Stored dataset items
****************
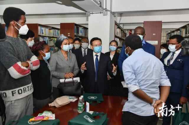 副省长张新(中)与非洲多国驻穗总领事看望非洲国家留学生。
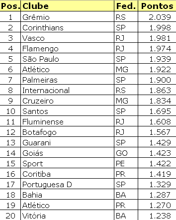 Nota da NETVASCO: Alguns dias atrás, o GloboEsporte.com divulgou um ranking extra-oficial (clique ). Porém, como não computou os pontos dos times das Séries B e C, o ranking não correspondeu à realidade, com o Corinthians atrás do Vasco quando deveria estar à frente. índice | envie por e-mail Anterior: 21:23 - Mandarino deve assumir a vice-presidência de futebol Próxima: 22:33 - Dorival: 'Leandro Amaral seria muito importante para o nosso projeto' |
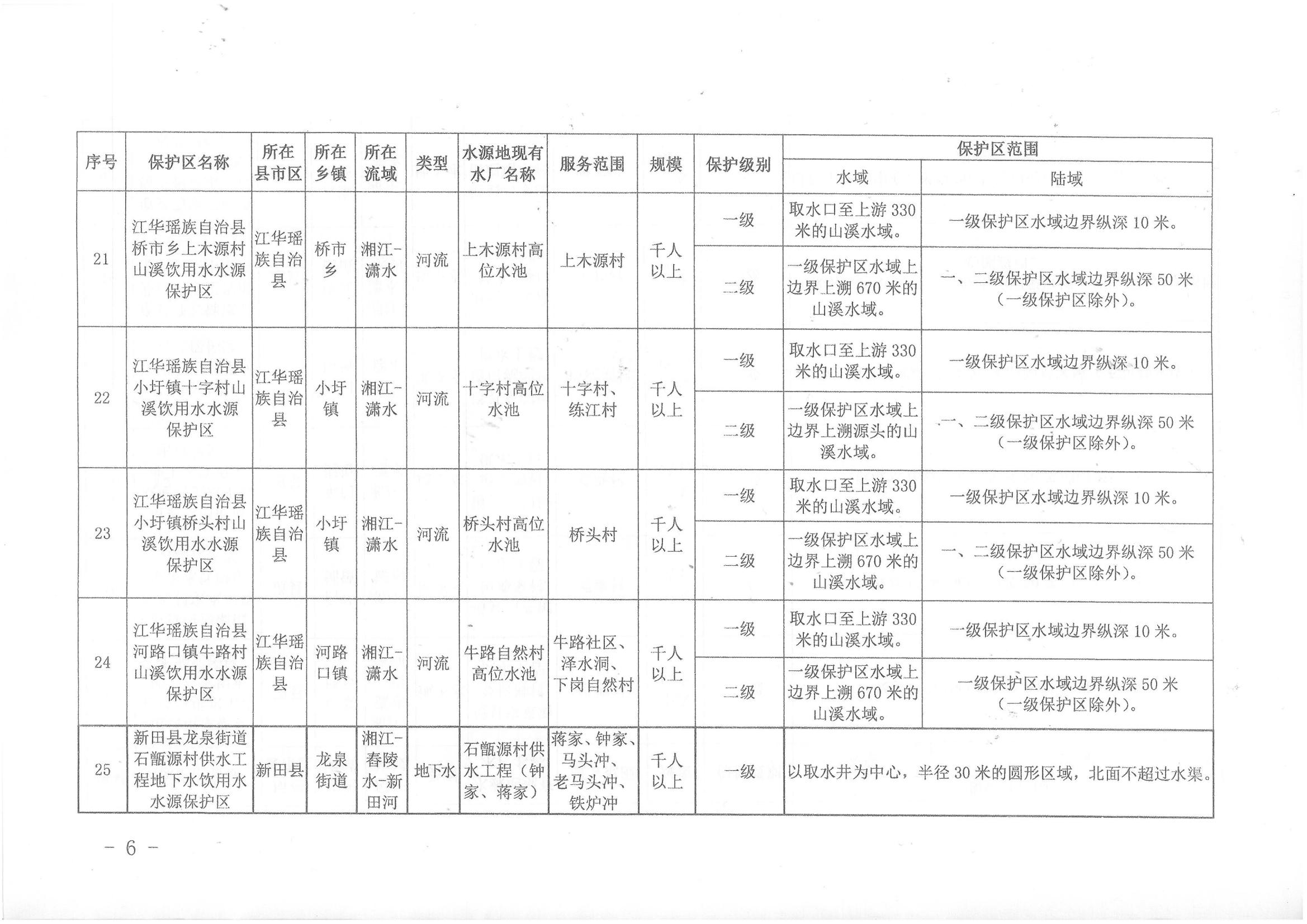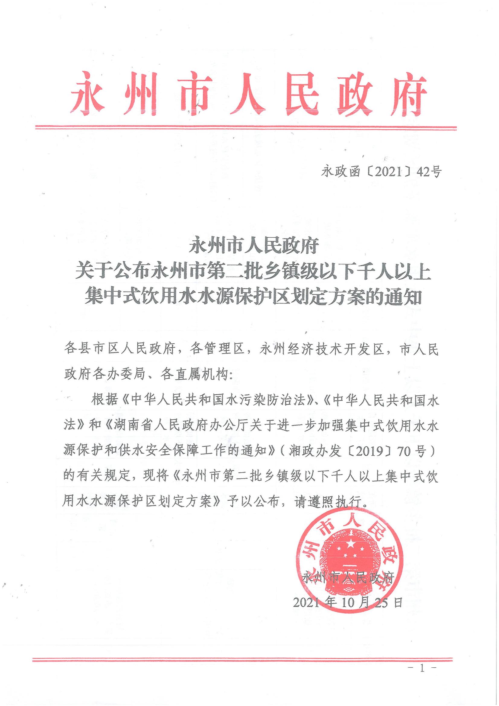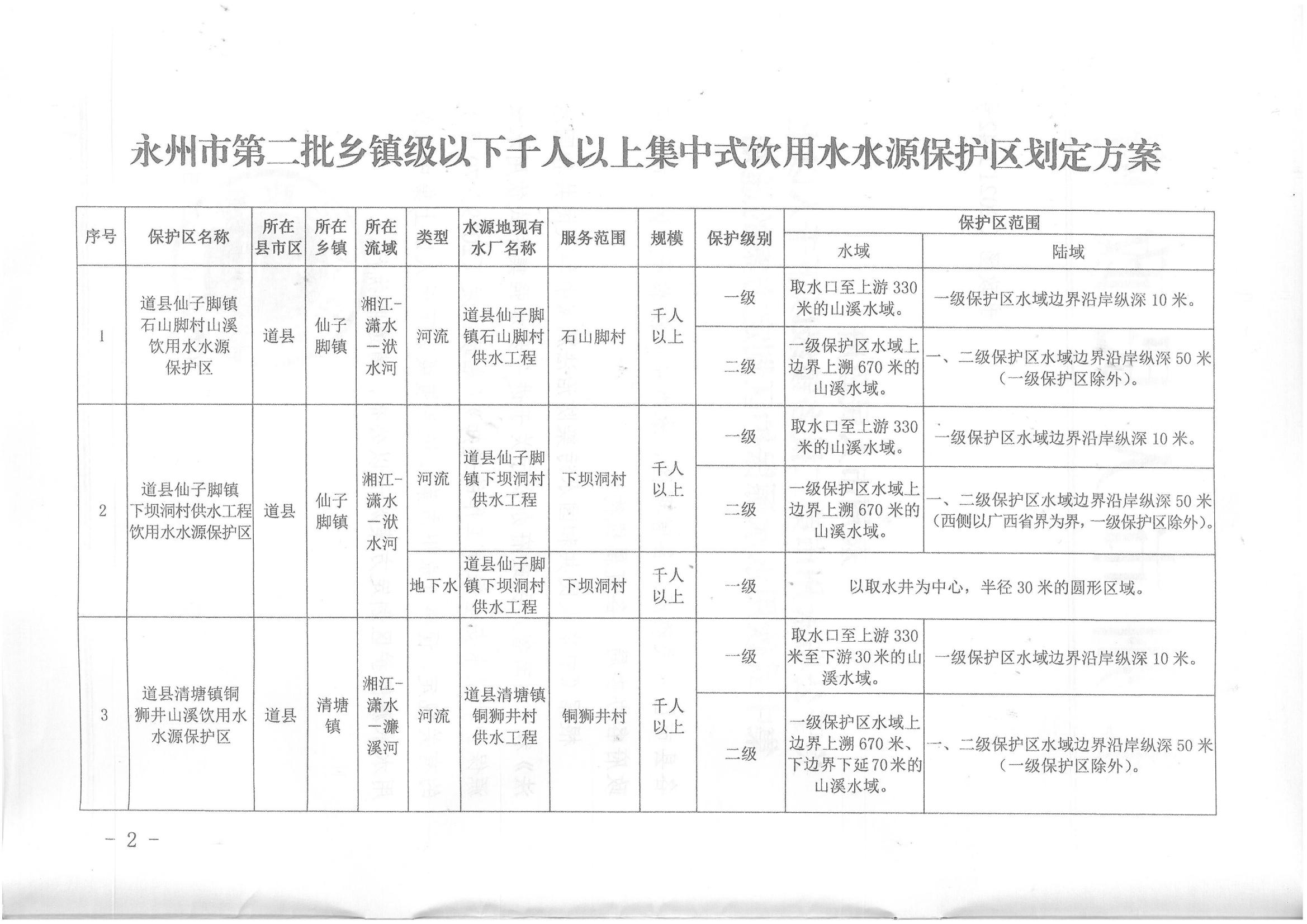 永州市人民政府 关于公布永州市第二批乡镇级以下千人以上集中式饮用水水源保护区划定方案的通知
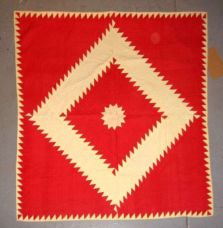 The sawtooth-edged diamond within a sawtooth border, heightened with diamond and cable quilting.
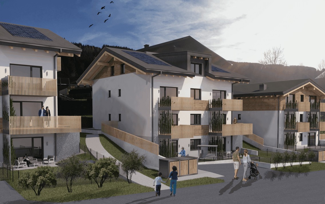 Diese wunderschöne Wohnung liegt im 2.Stock eines neuerbauten Massivholzauses der Fa. SIGES.
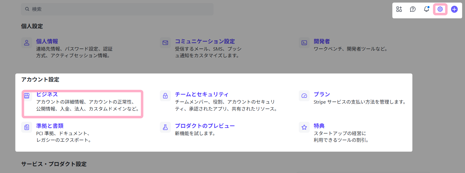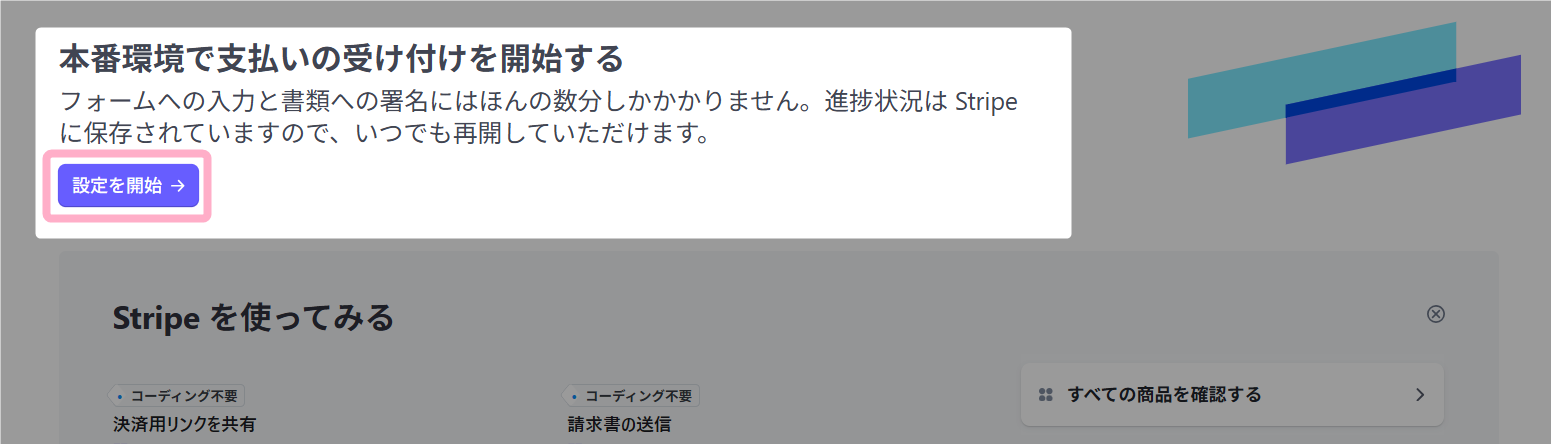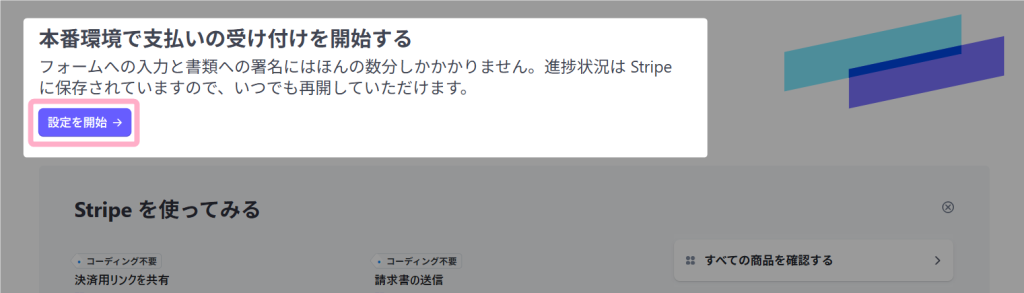 1.Stripeのダッシュボードの下記のどちらかの画面から本番環境利用の設定を行います。
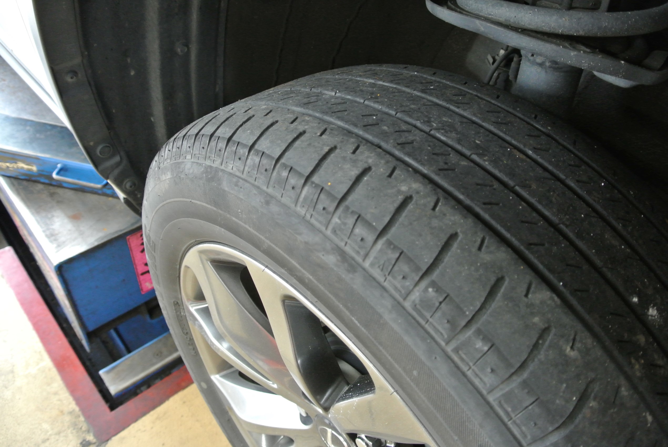 走行も5万キロになりタイヤの溝がだいぶなくなった状態での入庫です。
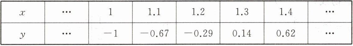 故$y=0$时,$1.2<x<1.3.$
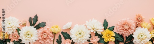 A beautiful arrangement of colorful flowers against a soft pink background, perfect for spring themes and floral decor.
****************
=== What to produce ===
Repeat the data exactly. Pictures should not appear.

=== Exercise answer ===
 副省长张新(中)与非洲多国驻穗总领事看望非洲国家留学生。
 Nota da NETVASCO: Alguns dias atrás, o GloboEsporte.com divulgou um ranking extra-oficial (clique ). Porém, como não computou os pontos dos times das Séries B e C, o ranking não correspondeu à realidade, com o Corinthians atrás do Vasco quando deveria estar à frente. índice | envie por e-mail Anterior: 21:23 - Mandarino deve assumir a vice-presidência de futebol Próxima: 22:33 - Dorival: 'Leandro Amaral seria muito importante para o nosso projeto' |
 永州市人民政府 关于公布永州市第二批乡镇级以下千人以上集中式饮用水水源保护区划定方案的通知
 The sawtooth-edged diamond within a sawtooth border, heightened with diamond and cable quilting.
 Diese wunderschöne Wohnung liegt im 2.Stock eines neuerbauten Massivholzauses der Fa. SIGES.
 1.Stripeのダッシュボードの下記のどちらかの画面から本番環境利用の設定を行います。
 走行も5万キロになりタイヤの溝がだいぶなくなった状態での入庫です。
 故$y=0$时,$1.2<x<1.3.$
 A beautiful arrangement of colorful flowers against a soft pink background, perfect for spring themes and floral decor.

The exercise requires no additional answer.